Regarding the main research question (to what extent
does Spotify´s music-sharing approach contribute to the expansion of the global
sharing economy?), all
the previous sections have helped to construct a flexible but suitable answer,
that could be built up by the three following hypotheses. Firstly, it can be
stated that Spotify´s enterprise definitely applies to the idea of sharing
economy, because it follows a two-sided-market´s dynamic, by being merely a
digital platform that acts as an intermediary between musical demand and

Secondly, the company can be considered a large
contributor to such idea of sharing economy, because, unlike most other digital
platforms, it has developed a strategy through which it grows thanks to both
cross-side and same-side network effects. Therefore, it is an example of how
businesses can achieve a large and well-established network of users, reaching
a broad portion of the music market.

Lastly, Spotify´s low-royalty conditions are limiting its
value as a sharing economy, because they are depriving its network of becoming
even larger. However, although it is reducing its contributions to the sharing
of musical assets, the company might still be logic in terms of business
strategy to earn higher profits.

In the face of these assumptions, it is necessary to urge
that further research needs to be made in order to achieve a more complete
answer, but limitations in time and scope have made it hard to do. On one side,
the relation that Spotify establishes between users and supporting advertisers
– those that provide economic support for Spotify´s free version – is not
mentioned at all. Remarking this is important because such connection also
takes part in the company´s sharing-economy approach, by establishing a
parallel two-sided market between advertisers and music listeners.

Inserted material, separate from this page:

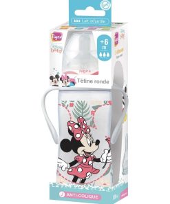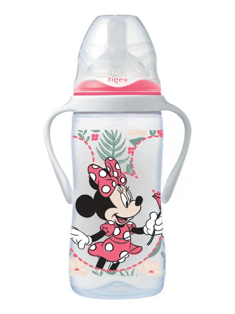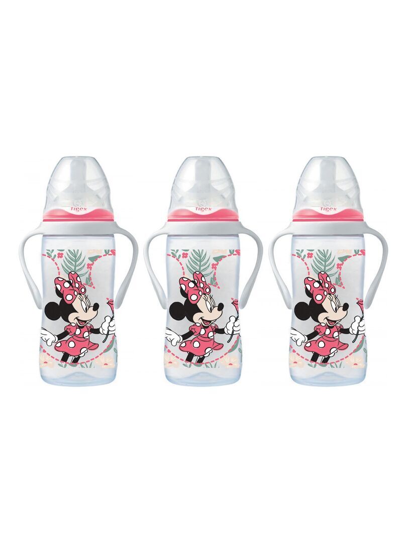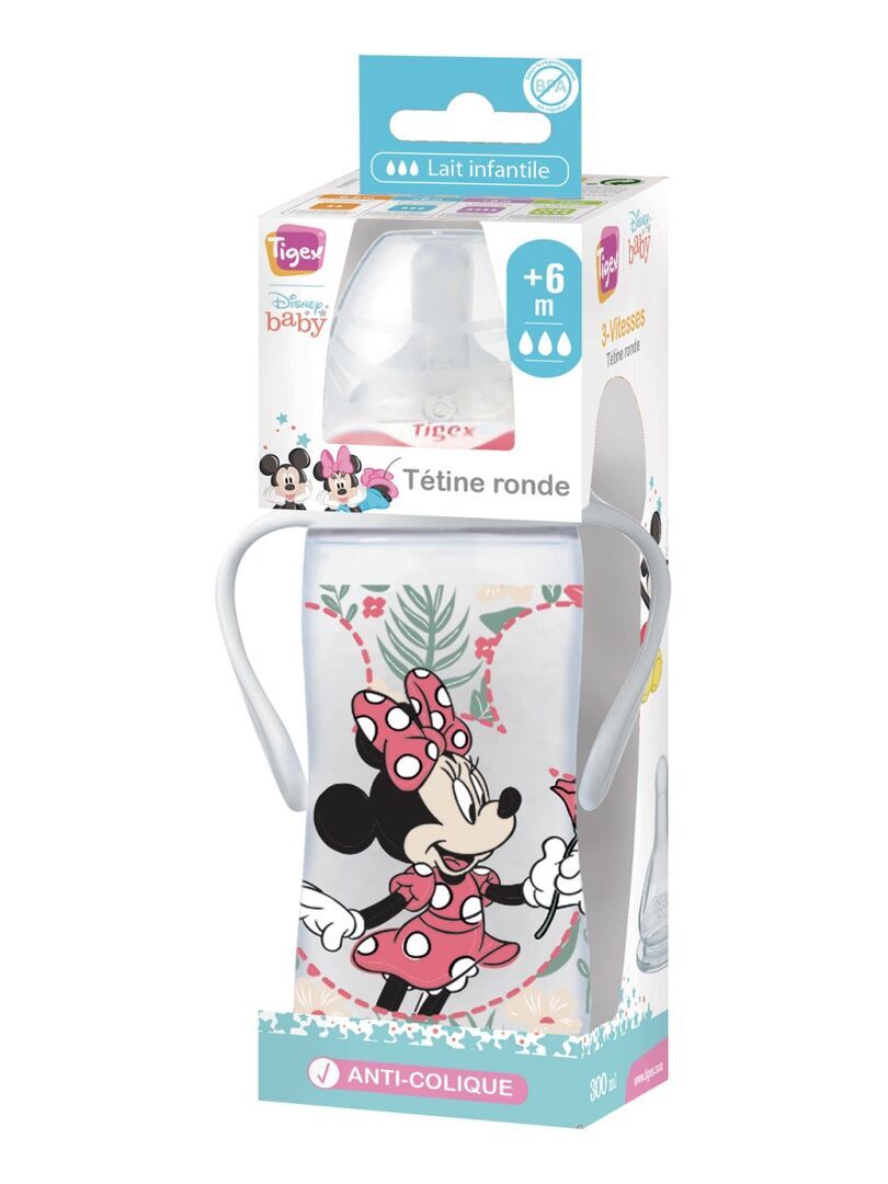 Lot de 3 biberons 3 vitesses col large poignées 300ml +6M lait infantile Minnie TIGEX.

On the other side, regarding the limitations´ section, it
is still unclear if the company´s gains thanks to its revenue distributions
compensate for the implicit costs that the absence of some artists generates. That
is, it has been assumed that, although it limits the network´s expansion, the company´s
distribution methods are the most suitable for its economic growth, but no
research or analysis has been made over such assumption.



2.     Conclusion

All the used information, as well as the self-made
opinions, lead this study to a clear conclusion: Spotify´s digital
platform plays an important role in the sharing economy of musical assets.
Through its two-sided-market architecture, the firm has been able to establish
a system that allows its users´ network to expand rapidly, by using both
same-side and cross-side network effects as boosters. Therefore, it breaks the
ground in terms of digital strategy and sets an example of how other businesses
can achieve such a high growth rate, by complementing different ways of
functioning. However, this does not mean that no improvements can be made,
since Spotify faces some limitations regarding its supply side. That is, some
artists refuse to provide their music through the platform because they believe
that its payment method is not fair.